I was driving on Route 32 coming from Newburgh. I am a slow driver, the result of transporting other people’s children hundreds of times. The car behind me was honking his horn, and then he passed me crossing a double yellow line. He slowed down, stuck out his middle finger through the car window and came to a dead stop. Just before I was about to rear-end him, he accelerated racing forward leaving me to ask, “Why are people acting so crazy?”
Someone who wants to remain anonymous said, “I was sitting with a friend, someone I know cares about people, a generous person. The subject turned to politics, Joe Biden. He became agitated, angry, forceful. “Biden,” he proclaimed, “was the most dangerous person in the world, worse than the other guy.” We argued, sudden combustion, both of us frozen in the surety of our convictions. My friend was looking right at me. My right eye was covered with a dark crimson infection, larger than a silver dollar around my right eye. He didn’t notice. If his head was on crooked, I would not have noticed. So lost were we in fear and anger, we could not hear the wind, the birds singing or the ebb and flow of the sun peaking out behind the clouds.
The Mayo Clinic coined the term “pangry,” a combination of panic, the pandemic and rage. People are driving recklessly. Incidents of car accidents have risen since 2021. Health care patients have become more violent. One hospital has issued panic buttons to nurses. The murder rate is climbing. Anxiety disorders and general mental health issues are ubiquitous. Gun sales are up. Anger, frustration and stress have caused more impatience. Rudeness and discord between people is more commonplace. More than ever we need connection, friendship and love to counterbalance the dissonance. Yet, relationships have suffered.
From the other side of the great divide, Katherine Hepburn spoke the words in a documentary film addressing the current dilemma. “If you want to be miserable, keep thinking about yourself,” she said.

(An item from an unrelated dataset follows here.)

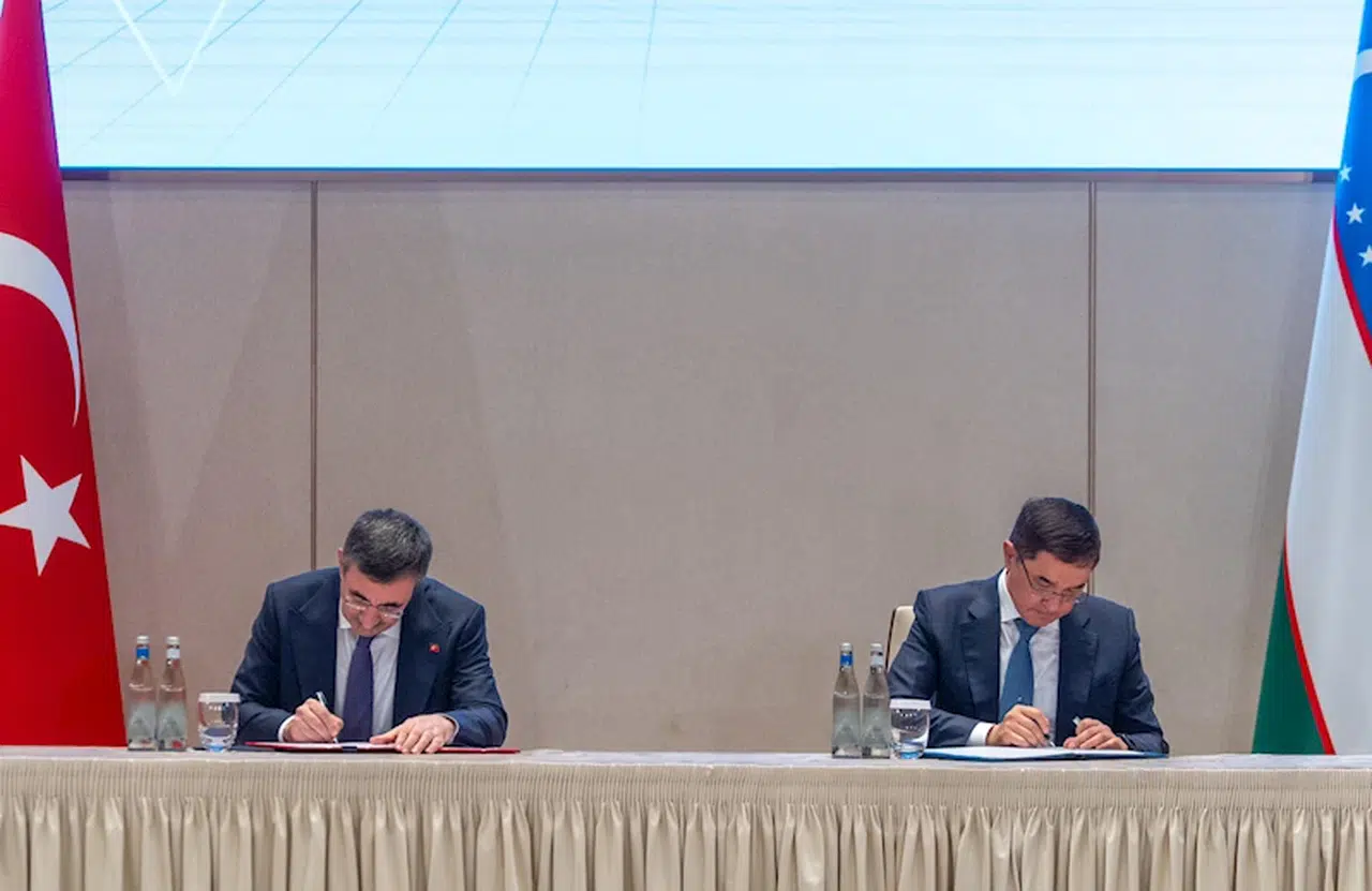 Cumhurbaşkanı Yardımcısı Cevdet Yılmaz ve Özbekistan Başbakan Yardımcısı, Ekonomi ve Maliye Bakanı Cemşit Kuçkarov ikili ve heyetler arası görüşmeler yaptı. Cumhurbaşkanı Yardımcısı Yılmaz ve Kuçkarov'un başkanlığında Türkiye-Özbekistan KEK 8'nci Dönem Toplantısı düzenlendi. Toplantı sonrasında iki ülke arasındaki anlaşmaların imza törenine geçildi. Cumhurbaşkanı Yardımcısı Yılmaz yaptığı açıklamada, "Taşkent’te düzenlediğimiz 8. Dönem Karma Ekonomik Komisyonu Toplantısı kapsamında, Özbekistan Başbakan Yardımcısı Sayın Cemşit Kuçkarov ile KEK Protokolü’nü ve 82 maddelik yeni Eylem Planı’nı imza altına aldık. KEK Protokolü ve 82 maddelik Eylem Planı kapsamında; ticaret, yatırımlar, ulaştırma, enerji, tarım ve sanayi gibi pek çok alanda iş birliğimizi ileriye taşıyacak somut adımlarda mutabık kaldık. Özellikle Tercihli Ticaret Anlaşması’nın genişletilmesi, lojistikte geçiş serbestisinin sağlanması, enerji ve madencilik alanlarında ortak kapasitenin geliştirilmesi gibi başlıklar, bu eylem planının öne çıkan unsurları arasında yer alıyor. Ata yurdumuz Özbekistan’la köklü kardeşliğimizi her alanda daha da derinleştirmeye kararlıyız; bu güçlü işbirliğinin Türk Dünyası’nın ortak geleceğine de katkı sağlayacağına inanıyoruz. KEK Protokolü, 82 maddelik Eylem Planı ve imzalanan anlaşmaların, ülkelerimiz ve iki ülke iş dünyası için hayırlara vesile olmasını diliyorum" dedi.

The ego is a maniacal destroyer. We accomplish this torpedoing with thoughts. Who done me wrong? I am being misunderstood, ignored, unappreciated. He said he would do it, he didn’t do it. The world’s coming to an end. If I get sick, I will not be able to get an appointment. At least ask me how I am. You think you’re better than me. Why didn’t you say, “Hello,” to me in the health food store? Boy, I look old. I used to be so gorgeous. I can’t get this stupid thing to work right! Why is this happening to me?
Our poor dumb bodies do not know the difference between thought and reality. If you think the world’s coming to an end, your entire organism reacts as if it is true, causing self-harm.
Help! Where is reality anyway?
It’s here but we are not. Most of life is spent in thoughts unconnected to the present moment.
According to the great stages of past and present, the only way to escape the morass of thinking or our current situation and circumstance, good or bad, is to enter the domain of the present through the senses. Some people do this though meditation. Others pay exquisite attention to smell, taste, hearing, seeing and touching, collecting impressions that exist only in the now, bringing relief from the spinning ceaseless creation of thoughts. It’s not esoteric or pretentious. It’s easy.
Sit in a chair. Feel the weight of your body in the seat. Notice the play of air on your skin. Hear all the sounds that thoughts block out. See what is in front of you while simultaneously staying aware of your physical self, the fact of your aliveness. The great ones throughout the ages have taught this is where peace, joy, awe and calm happiness exist. We can enter this sacred space at any moment.
I am no guru. I often only resort to this strategy when troubled. When Grace comes in and I see I can be my own worst enemy, I pause, allow the languid embrace of stillness to remove the illusion that I am my thoughts, my opinions, my past accomplishments, regrets, or the roles I have played in life. Only then can I get a brief ethereal taste of who I really am, who we all are, which the limitations of words prevents defining. Try it. It’s simple, smooth, straightforward and painless, a panacea for the human race.